### What is needed:
Reproduce the lines of the material exactly, excluding every image.

### Stored data:
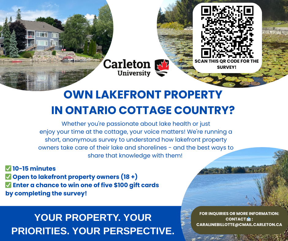 Our colleagues at Carleton University invite all FOCA members to participate in a short survey being undertaken by a graduate student researching lake stewardship and shoreline care. The survey is anonymous and open to anyone age 18+ who owns lakefront property. Feel free to share the survey link widely.
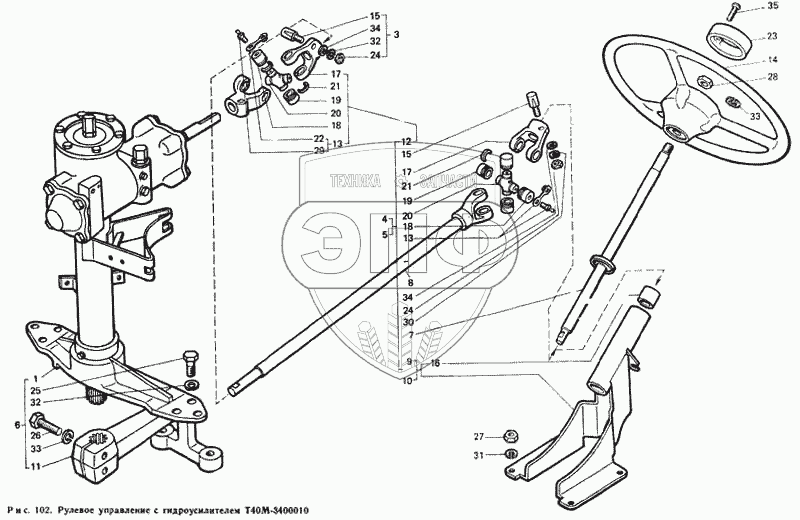 Каталог запасных частей к технике: ЛТЗ Т-40М. Рулевое управление с гидроусилителем Т40М-3400010
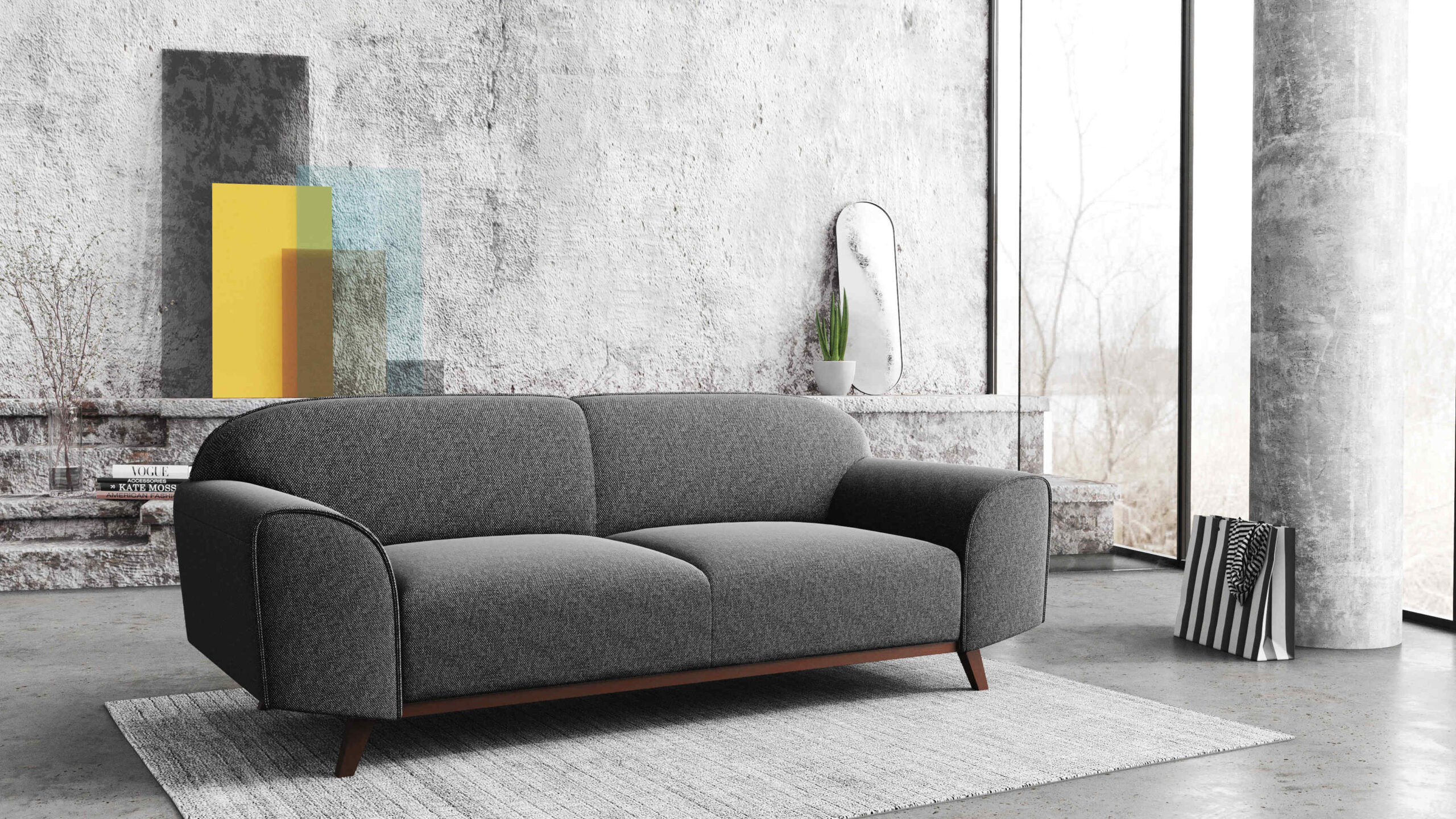 Modern 2,5 seater-sofa with a unique form, emphasized with perfect trimming is an absolute marvel. Gentle curves and soft form of Nesbo sofa are an extremely nice example of elegance, the unique look and rounded details of Nesbo will give your salon a touch of pleasure and create a friendly atmosphere. This comfortable sofa has a wide seat that provides additional convenience. Nesbo sofa is available in a wide range of high-quality color fabrics and leathers. An original form of Nesbo sofa is emphasized with frame and legs made from natural wood.

### Written answer:
 Our colleagues at Carleton University invite all FOCA members to participate in a short survey being undertaken by a graduate student researching lake stewardship and shoreline care. The survey is anonymous and open to anyone age 18+ who owns lakefront property. Feel free to share the survey link widely.
 Каталог запасных частей к технике: ЛТЗ Т-40М. Рулевое управление с гидроусилителем Т40М-3400010
 Modern 2,5 seater-sofa with a unique form, emphasized with perfect trimming is an absolute marvel. Gentle curves and soft form of Nesbo sofa are an extremely nice example of elegance, the unique look and rounded details of Nesbo will give your salon a touch of pleasure and create a friendly atmosphere. This comfortable sofa has a wide seat that provides additional convenience. Nesbo sofa is available in a wide range of high-quality color fabrics and leathers. An original form of Nesbo sofa is emphasized with frame and legs made from natural wood.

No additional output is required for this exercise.